ANALYSIS: The great e-waste exorcism experiment
The launch of a washable keyboard is the latest sign that electronic equipment manufacturers are looking to stretch their producer responsibility obligations out towards the conceptual end of product design.
Logitech’s latest marvel, which comes equipped with multiple drainage holes, may be subliminally aimed at ‘dirty typists’ but actually, it sends out a great waste prevention message – one of product durability.
Globally, e-waste is now one of the fastest-growing sectors by volume within the waste industry and brand leaders are coming under increasing pressure to not just demonstrate end-of-life accountability for the products they produce, but to build in more ecological thought at the design stage.
Last month recommendations were submitted to the Government to introduce individual producer responsibility (IPR) in the UK through an incentive scheme. This would entice manufacturers to design electrical and electronic goods that are not just easier to reuse or recycle, but that last longer as well.
The timing of IPR could be perfect as legislative preparations begin for the WEEE Directive recast due to come into force next year. It’s a move HP’s UK&I environmental manager Bruno Zago would welcome – he feels the opportunities created by IPR could be huge as by getting own-brand products back, producers can start to close the loop on their manufacturing and supply processes.
Zago points to a range of IPR systems in place across the world. These include a ‘return share’ scheme which involves calculating producer responsibility based on the share of each producer’s products returning from the market.
“This encourages producers to design products that last longer and penalises producers who put ‘throw away’ electronic goods on the market,” he told edie.
Likewise in France a ‘bonus malus’ system operates whereby a product’s recycling fee is determined according to how well designed it is, with more durable goods attracting a smaller charge.
And as product durability becomes a valued performance indicator for brand reputation, so does material optimisation. It’s where the most exciting designer thinking is happening right now.

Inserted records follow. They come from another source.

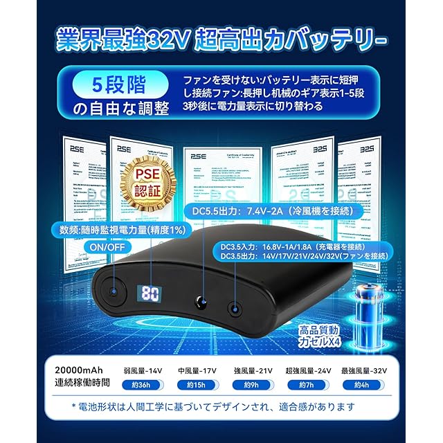 【32V高出力バッテリー】急速充電対応、急速出力対応の2025年最新モデル、32V高出力パワーバッテリー登場!バッテリとファンはDCヘッドを使用して接続され。LED液晶ディスプレイを搭載し、バッテリー残量と出力電圧をリアルタイムかつ正確に表示します。電池が切れるまで安定した風を提供できる。従来のフアン電池残量がなくなると、風が弱くなり、風力調整をしても効かない。シンプルで直観的な操作性です。PSE認証を取得したバッテリー品質と安全性が高い、人体に危害がありません。長期間安心してお使いいただけます。
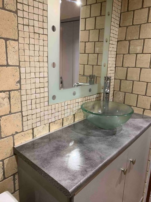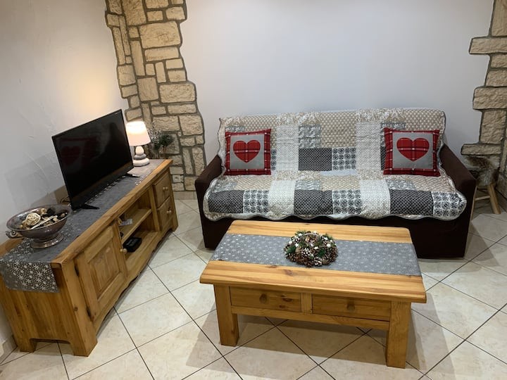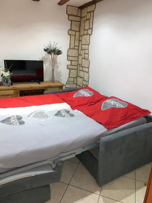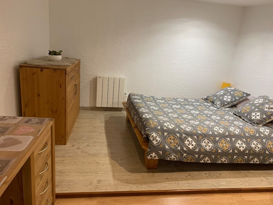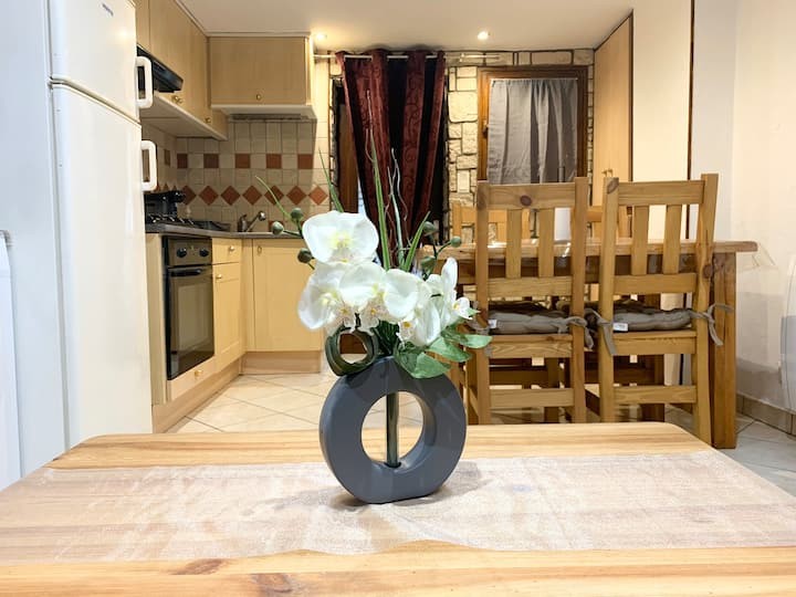 Located in a condominium with a unique entrance through two wooden staircases, this spacious 2-room apartment features a fully equipped kitchen, a comfortable living-dining area, and a cozy bedroom with a private bathroom. A small balcony is available for smokers.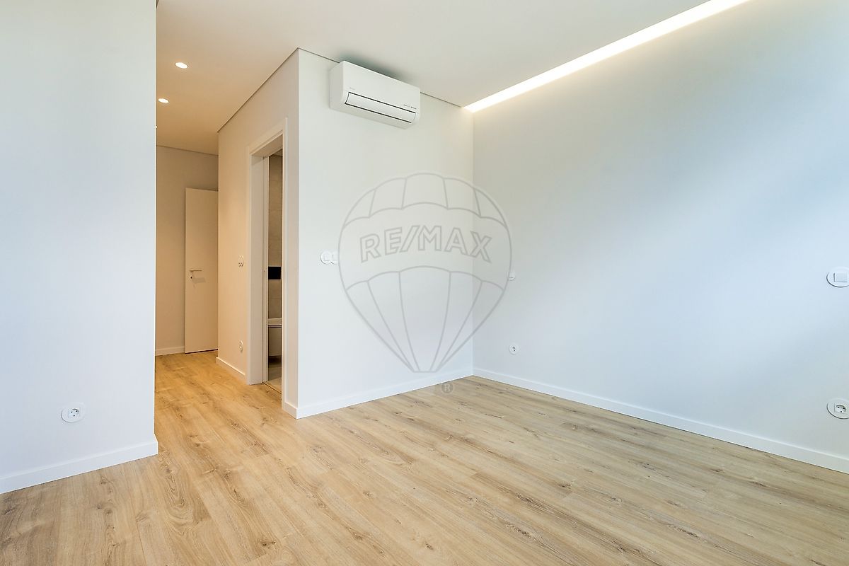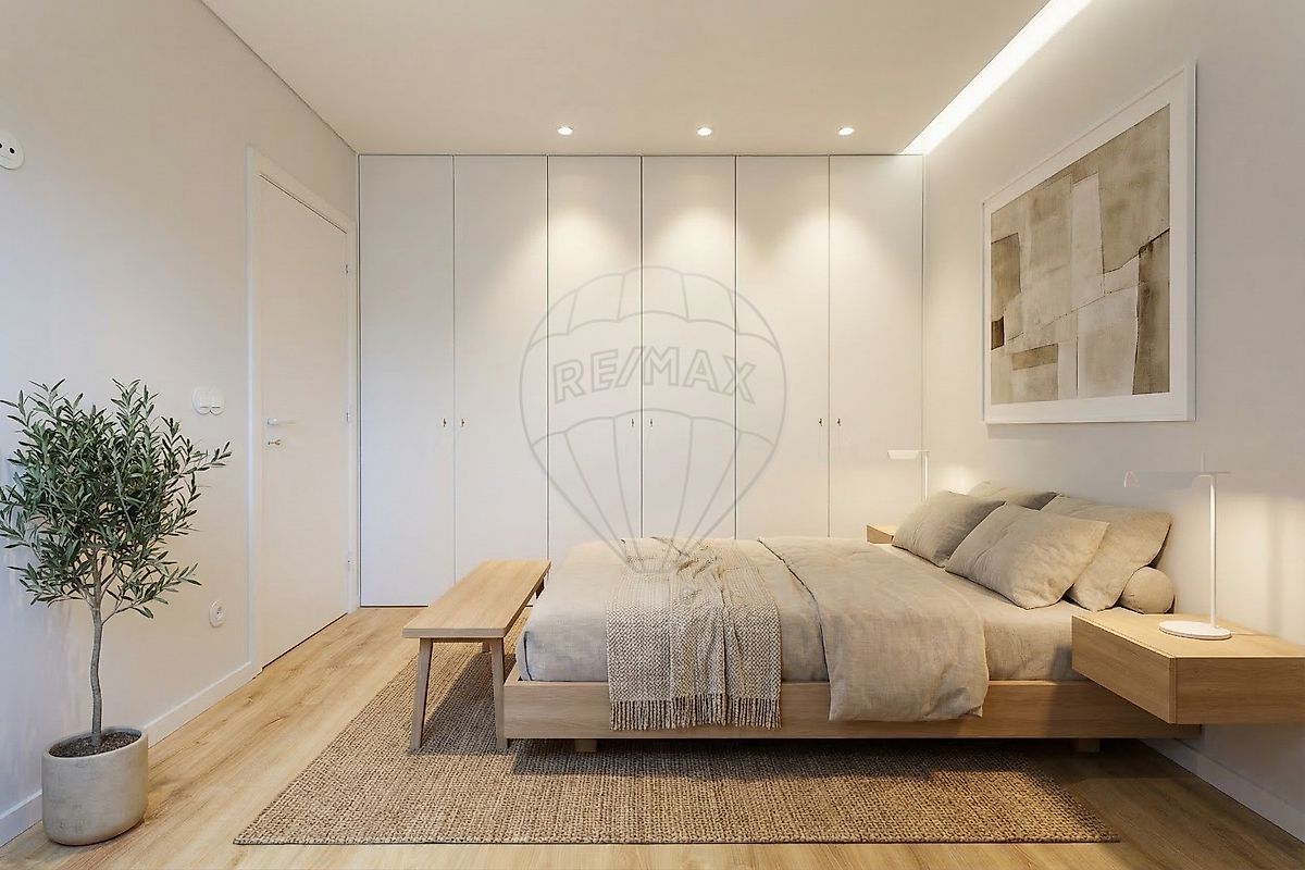 Suítes e Quartos: Quartos espaçosos com roupeiros embutidos de design minimalista, lacados a branco, oferecendo soluções de arrumação otimizadas.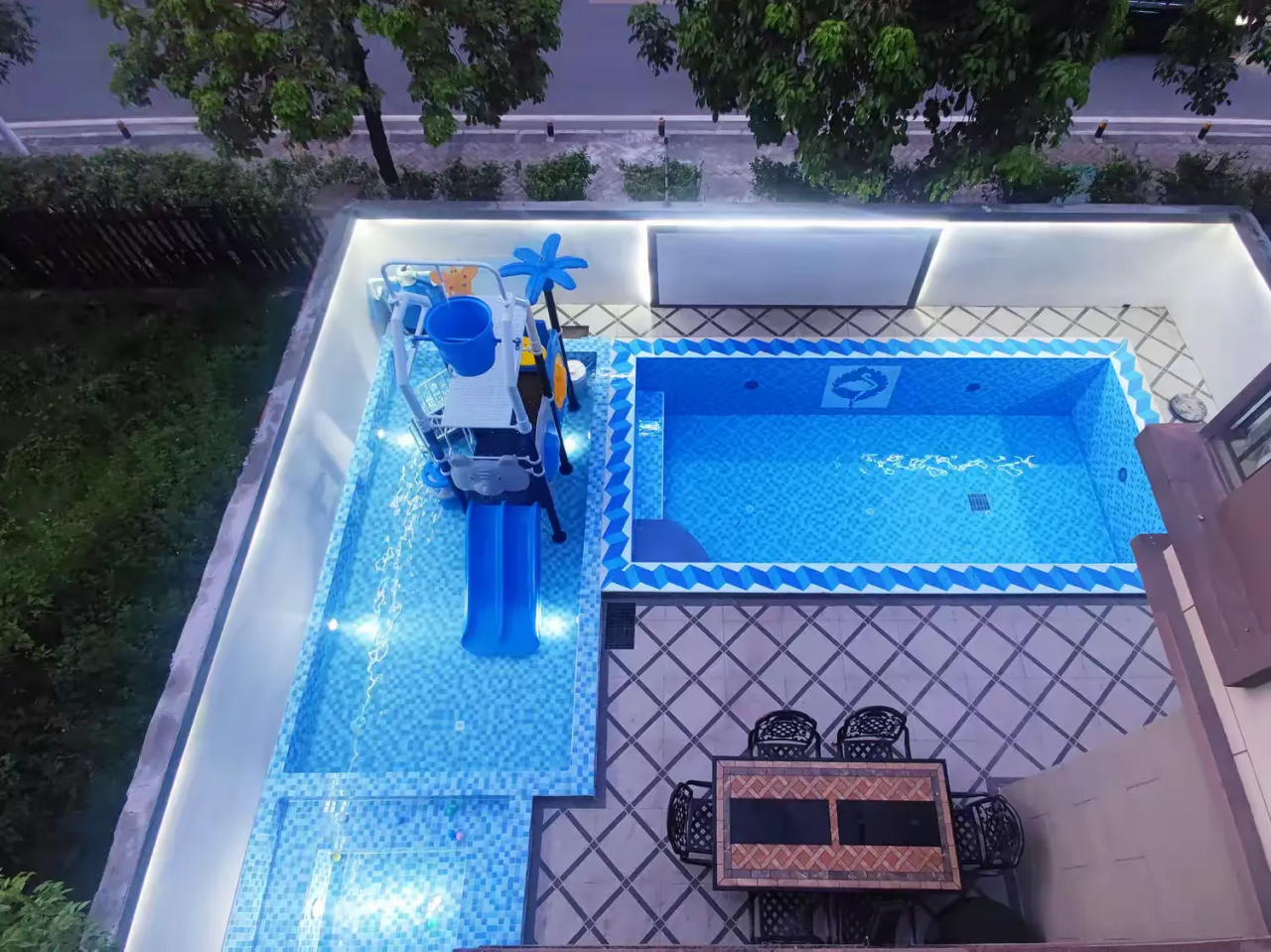 ▲由于泳池较大,池水每天进行过滤消毒,并非一客一换,介意者慎拍,如需更换泳池水(收费),提前与管家沟通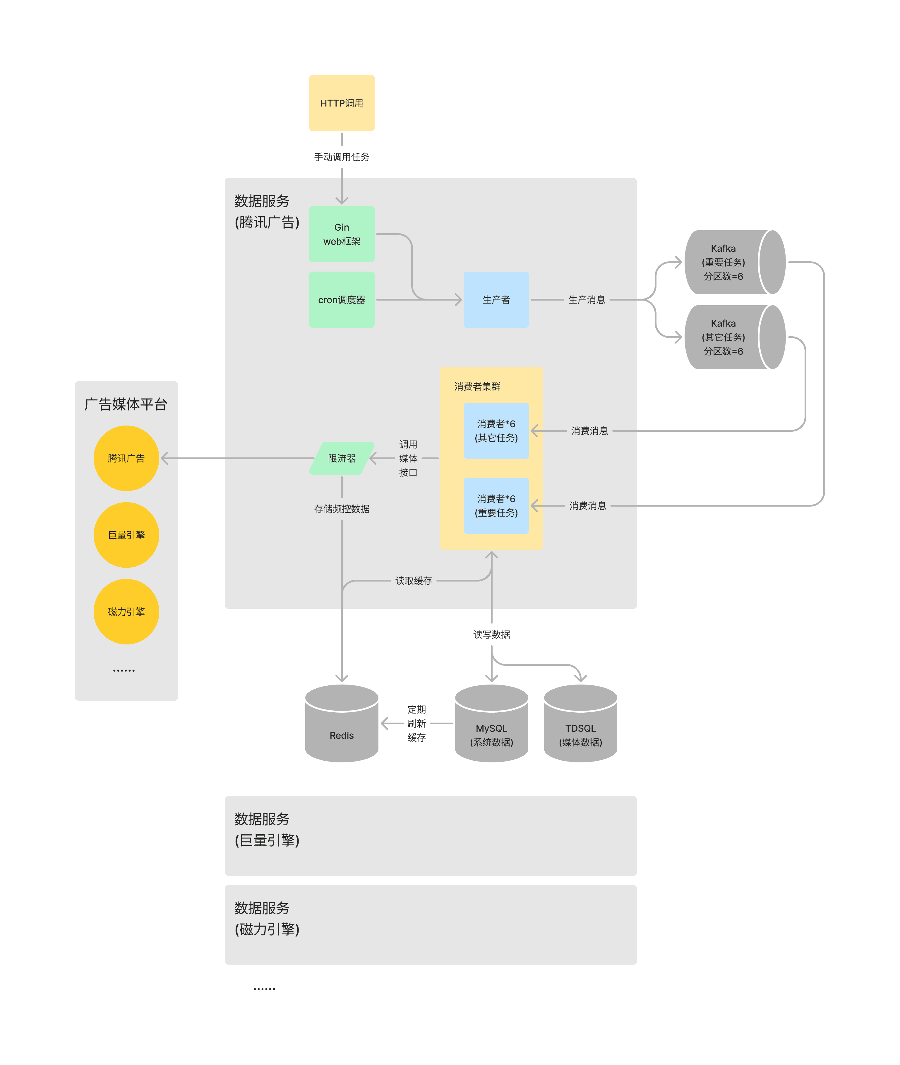 单体数据服务的种种缺陷,促使我们再次升级架构,将每个广告媒体平台的任务分别拆分为一个数据服务,且每个媒体的数据服务都改造为分布式服务。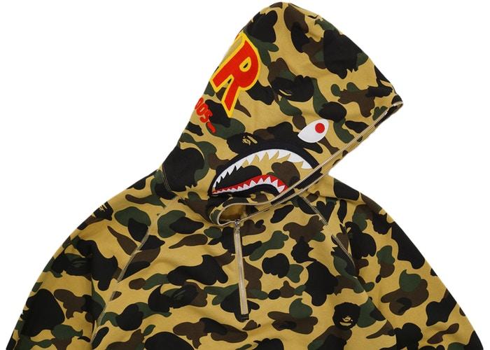BAPE Ultimate 1st Camo PONR Shark Half Zip Raglan Pull à capuche Jaune jaune 36006 Vêtements et chaussures de sport pour hommes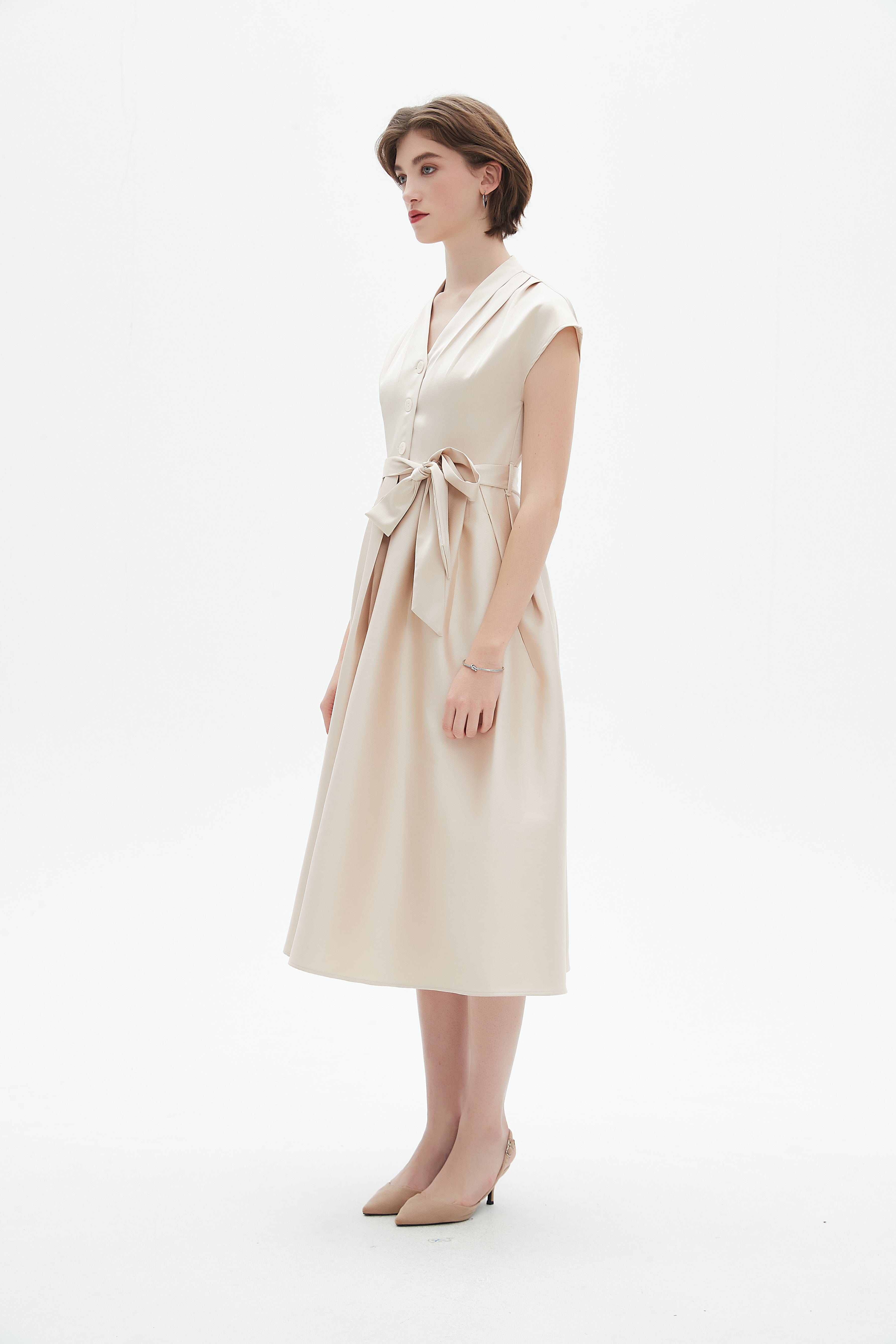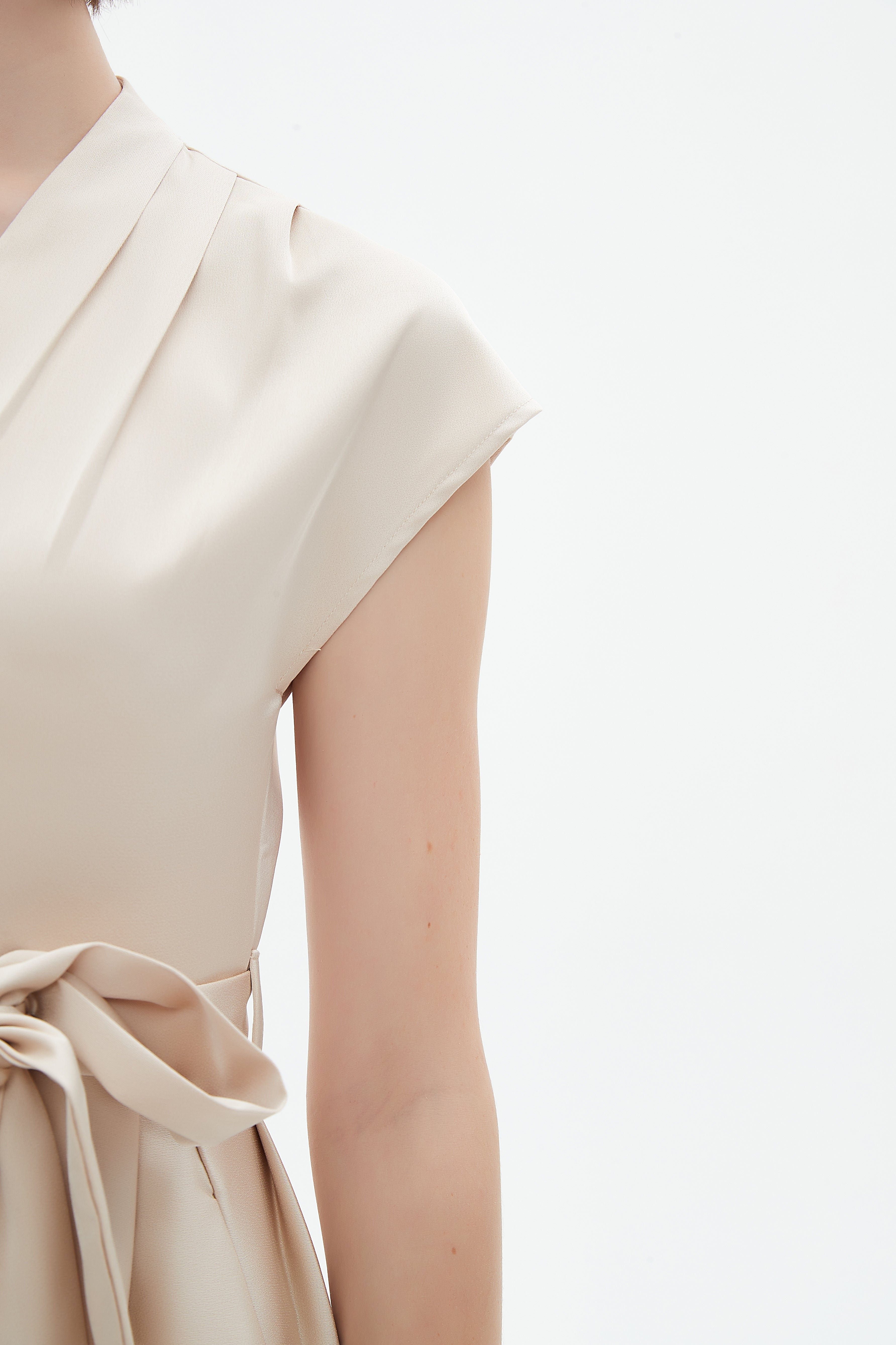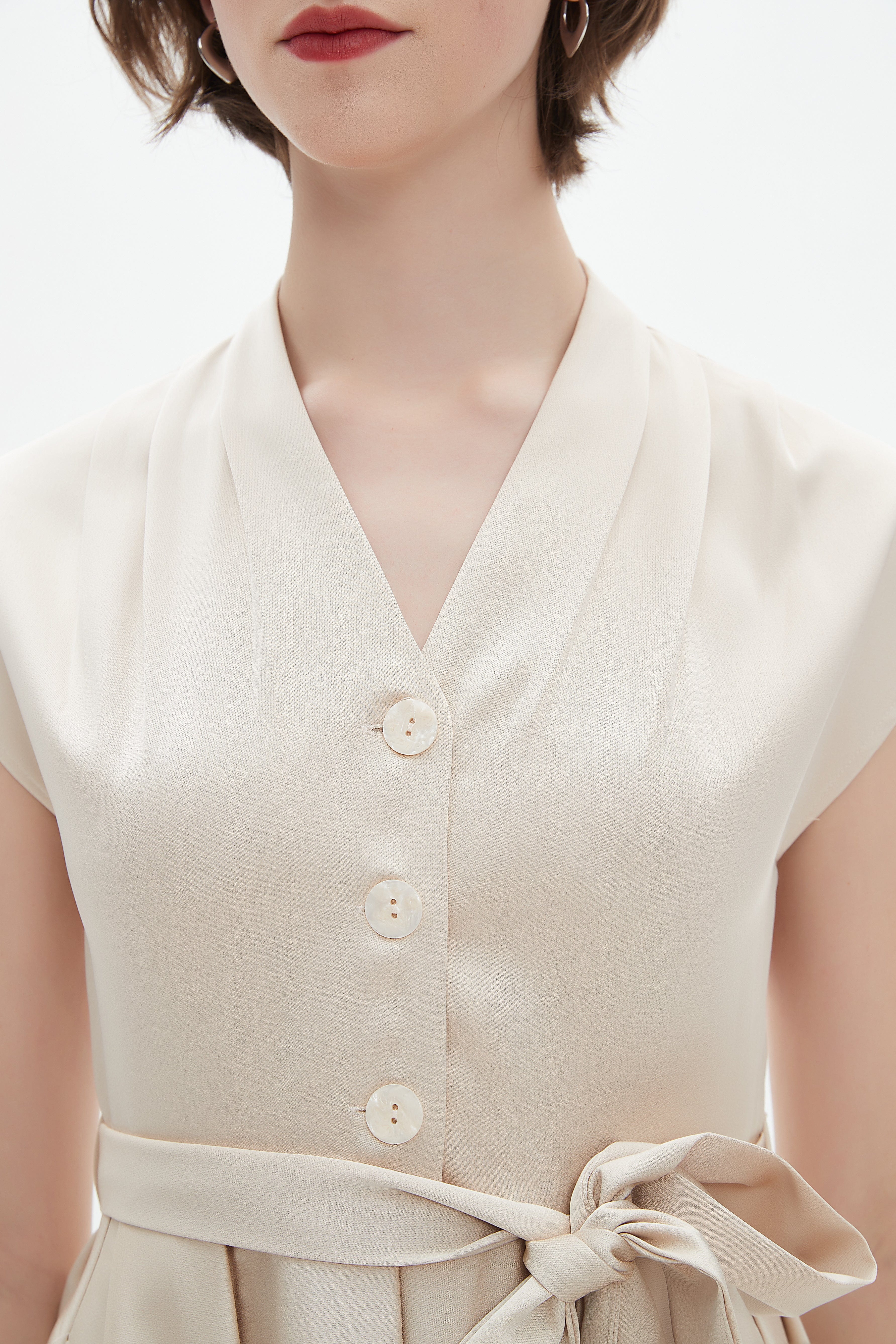 - ياقة V وأكمام قصيرة مغطاة لمظهر ناعم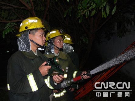 根据现场情况,中队指挥员立即向支队“119”调度指挥中心请求增援,并果断下达作战命令,一台消防车停靠在制冷车间的围墙外,铺设水带出两支水枪向制冷车间射水控制火势,另一台消防驶入厂区大门口内部,停靠在南北角,消防官兵身穿防化服,佩戴空气器在工厂技术人员的带领下深入制冷车间门口进行灭火和稀释泄漏的氨气。另两台消防车负责供水,并进行现场的疏散和警戒。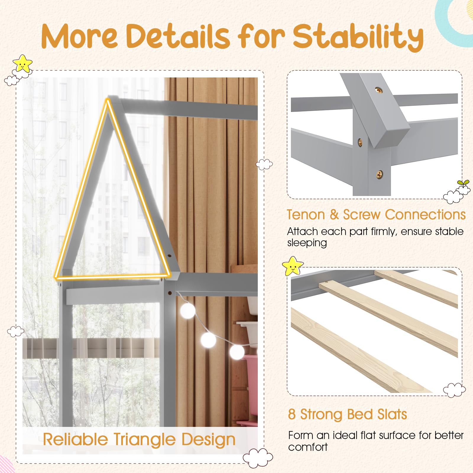 - Adorable Design: The house – shaped eaves add an exciting element of fun to the room.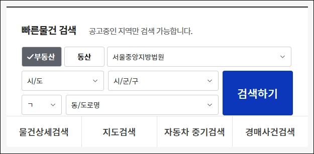 검색·선정 대법원 경매사건검색으로 물건 조회 -

Eco-designer Mark Shayler heads up his own consultancy Tickety Boo and argues that manufacturers don’t just need to design products that last longer, but that can be delivered as a service.
“We need to redesign many business models so that businesses can still make money from things that last longer. I work with companies on eco-design and the benefits are massive,” he told edie.
According to Shayler, this lifecycle thinking – building in design that reduces impacts on raw materials, manufacture, distribution, use and disposal – is essential if we are to develop better products.
“I help my clients with this kind of challenge,” he said. “As part of the process that I use with them we talk about great products and we list the attributes they like about those products – 90% of them use words like reliability, durability, built-to-last, upgradable, quality and dependable.”
Sony has neatly cottoned onto this theme with its Wandular concept which paints a future scenario whereby consumers express brand loyalty through their emotional attachment to a single-use gadget or device that would evolve with them over a lifetime.
Engage by Design’s founder Rodrigo Bautisa who was instrumental in leading the project told edie that it was about connecting with products in a more meaningful way.
“We need to make things that have a longer life. For this, they need to be multi-functional, modular, beautiful and personalised,” he observed.
Taking producer responsibility to such heights is clearly demonstrating business model innovation. It has already become a powerful brand name differentiator. The trick for companies going forward is how to make it financially viable in the long-term.